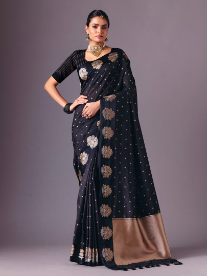 Black Zari Butti Semi Silk Saree
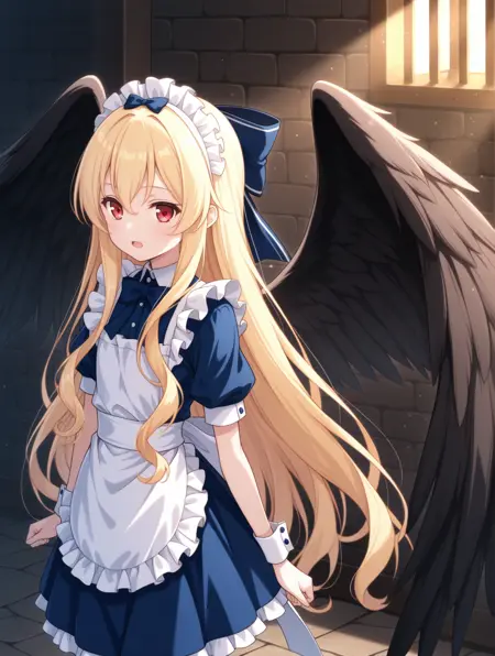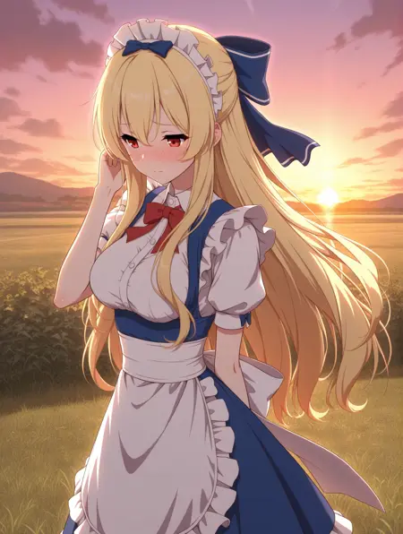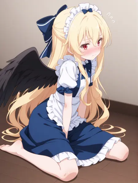 メイド、青いスカート、髪のリボン
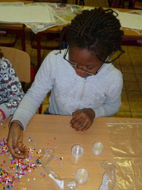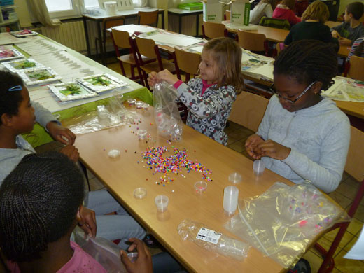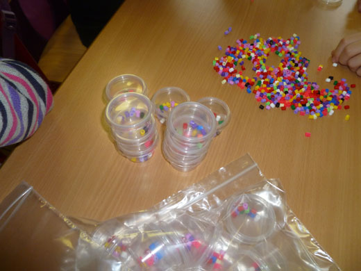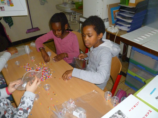 Pour commencer, madame nous a distribué beaucoup de perles et nous a demandé de les compter.
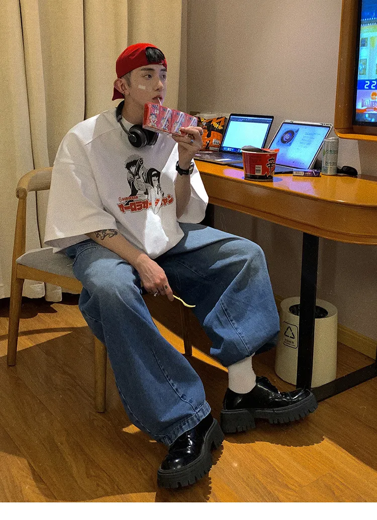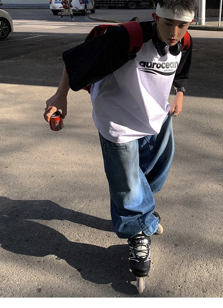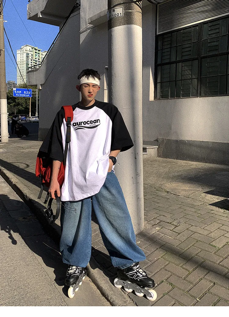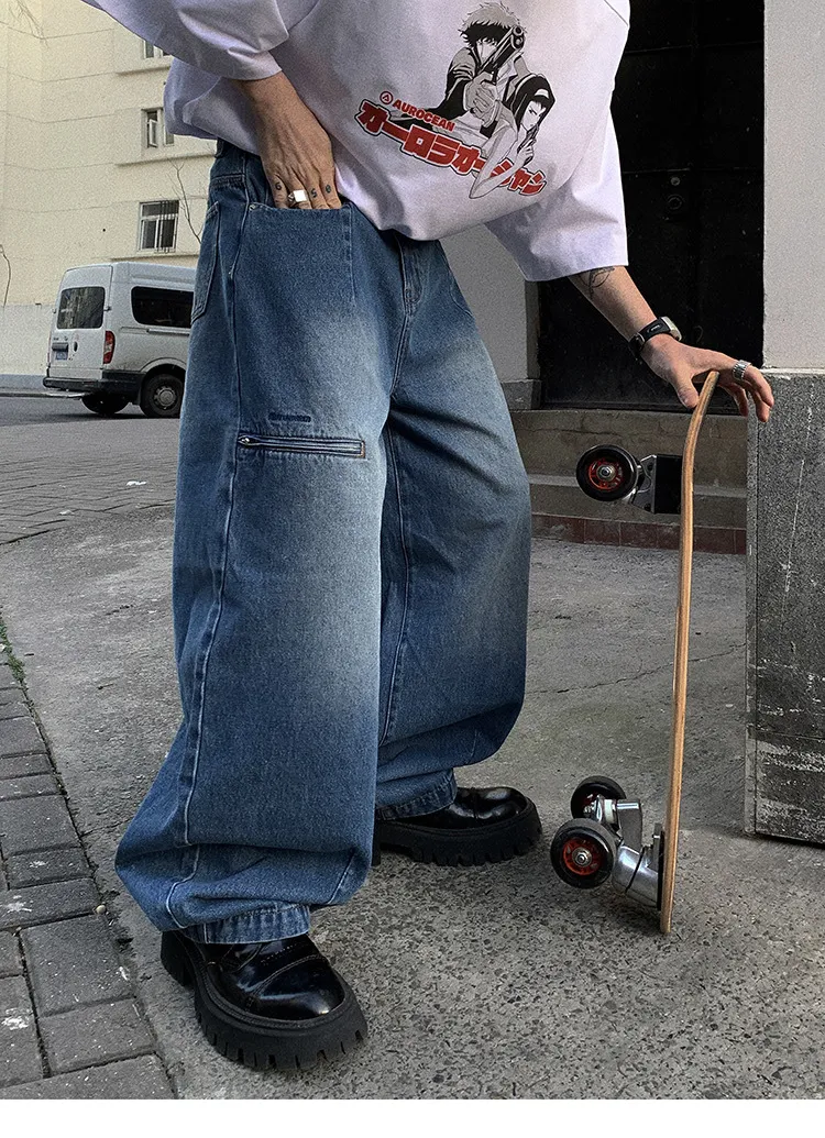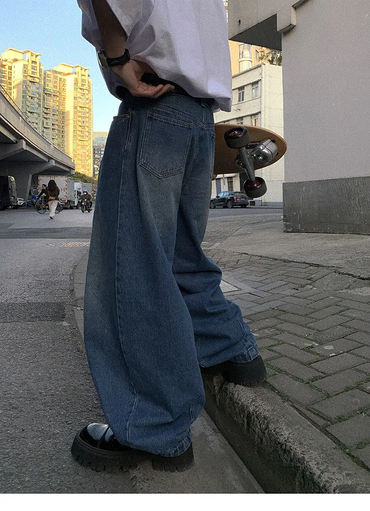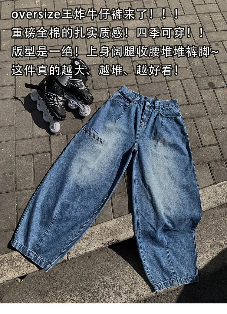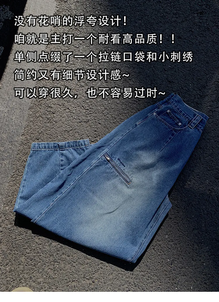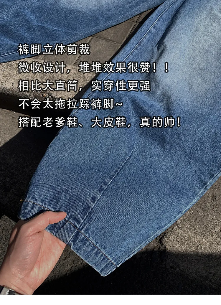 AUROCEAN 水洗 重磅 牛仔褲 闊腿褲 堆堆褲
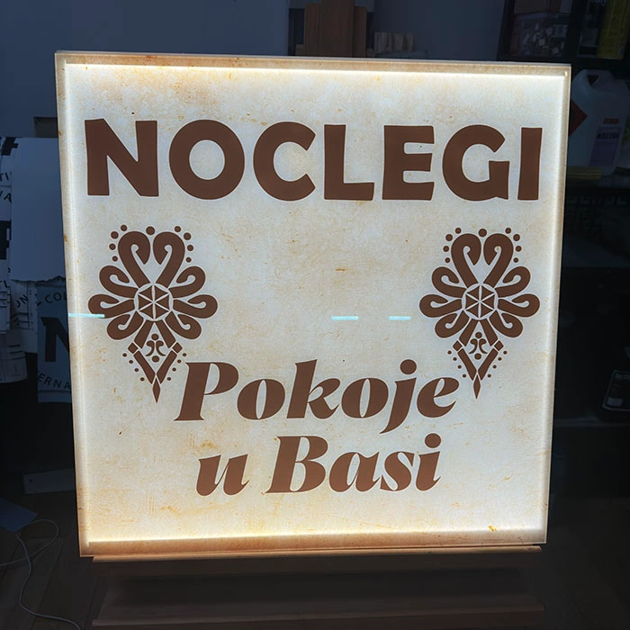 Powierzchnia dibondu dostępna jest w wielu kolorach, co pozwala dopasować kaseton do identyfikacji wizualnej marki klienta. Tło w połysku nadaje reklamie efekt premium i dodatkowo przyciąga uwagę. Nasze możliwości technologiczne pozwalają łączyć dibond z drukiem UV oraz naniesieniem grafiki z lakierem. Dzięki temu powstają reklamy podświetlane o lekkim połysku i wyjątkowej wyrazistości.
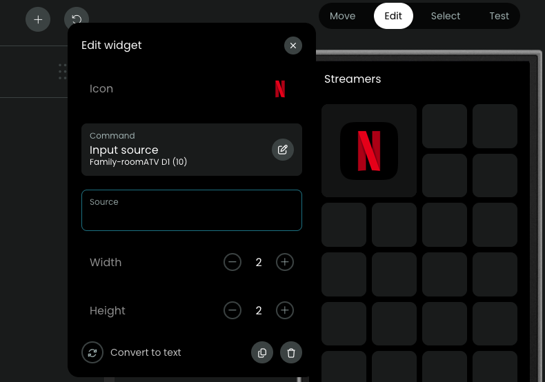 Supposedly for the AppleTV command ‘Input source” clicking in the source field is supposed to show a list of options (Netflix, Disney+, etc)
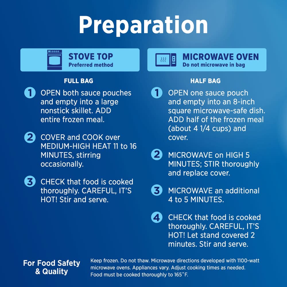 Directions for use: Stove Top - Full Bag: Preferred method. 1. Open both sauce pouches and empty into a large nonstick skillet. Add entire frozen meal. 2. Cover and cook over medium - high heat 11 to 16 minutes, stirring occasionally. 3. Check that food is cooked thoroughly. Careful, it's hot! Stir and serve. Microwave Oven - Half Bag: Do not microwave in bag. 1. Open one sauce pouch and empty into an 8 - inch square microwave -safe dish. Add half of the frozen meal (about 4-1/4 cups) and cover. 2. Microwave on high 5 minutes; stir thoroughly and replace cover. 3. Microwave an additional 4 to 5 minutes. 4. Check that food is cooked thoroughly. Careful, it's hot! Let stand covered 2 minutes. Stir and serve. For Food Safety and Quality: Keep frozen. Do not thaw. Microwave directions developed with 1100 - watt microwave ovens. Appliances vary. Adjust cooking times as needed. Food must be cooked thoroughly to 165 degrees F. Keep frozen; cook thoroughly. Storage recommendation: Keep frozen; cook thoroughly.
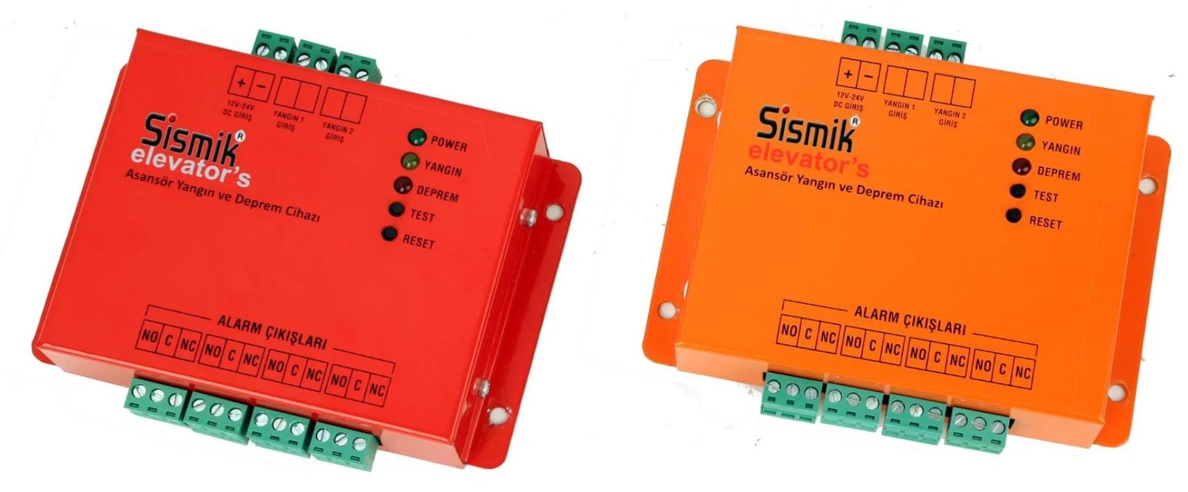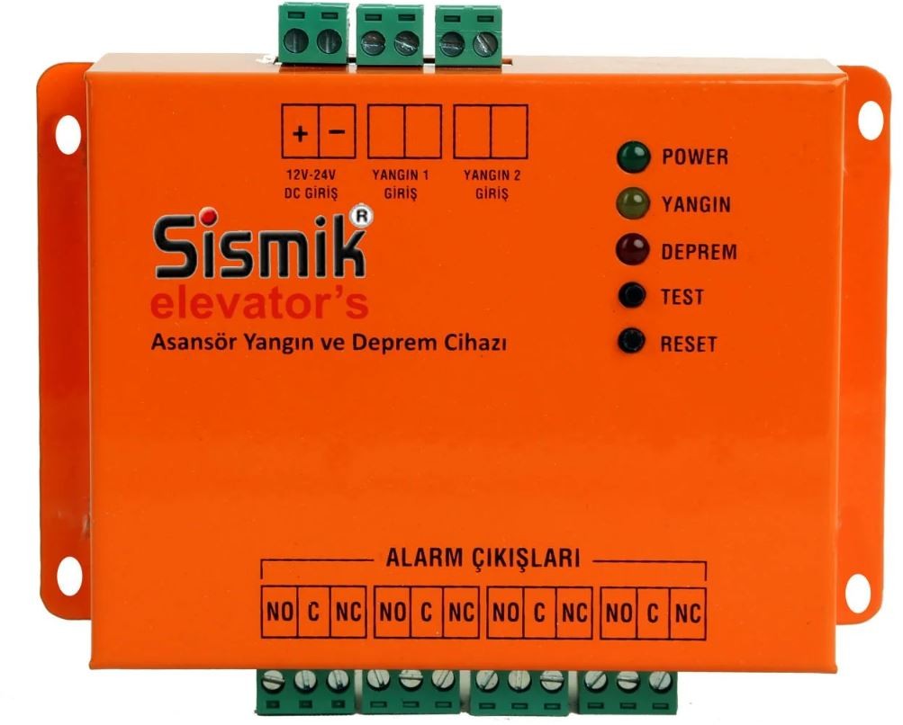 SİSMİK elevator's ASANSÖR DEPREM UYARI VE YANGIN ALARM CİHAZI TS 12884 standardına göre algılama , X,Y,Z - 3 Eksenli algılama, TS 12884 standardına göre Röle çıkışları, Yangın Alarm ve Yangın Buton girişleri, LED Gösterge, Sesli ve görsel uyarı özelliği, Yangın Sensör girişi, Acil stop buton girişi,

■ ■ ■ ■ ■ ■ ■

Description of the task
Start with the line above containing "AUROCEAN 水洗 重磅 牛仔褲 闊腿褲 堆堆褲" and end with the line containing "Powierzchnia dibondu dostępna". Set down that stretch exactly, without any pictures.

Exercise answer
 AUROCEAN 水洗 重磅 牛仔褲 闊腿褲 堆堆褲
 Powierzchnia dibondu dostępna jest w wielu kolorach, co pozwala dopasować kaseton do identyfikacji wizualnej marki klienta. Tło w połysku nadaje reklamie efekt premium i dodatkowo przyciąga uwagę. Nasze możliwości technologiczne pozwalają łączyć dibond z drukiem UV oraz naniesieniem grafiki z lakierem. Dzięki temu powstają reklamy podświetlane o lekkim połysku i wyjątkowej wyrazistości.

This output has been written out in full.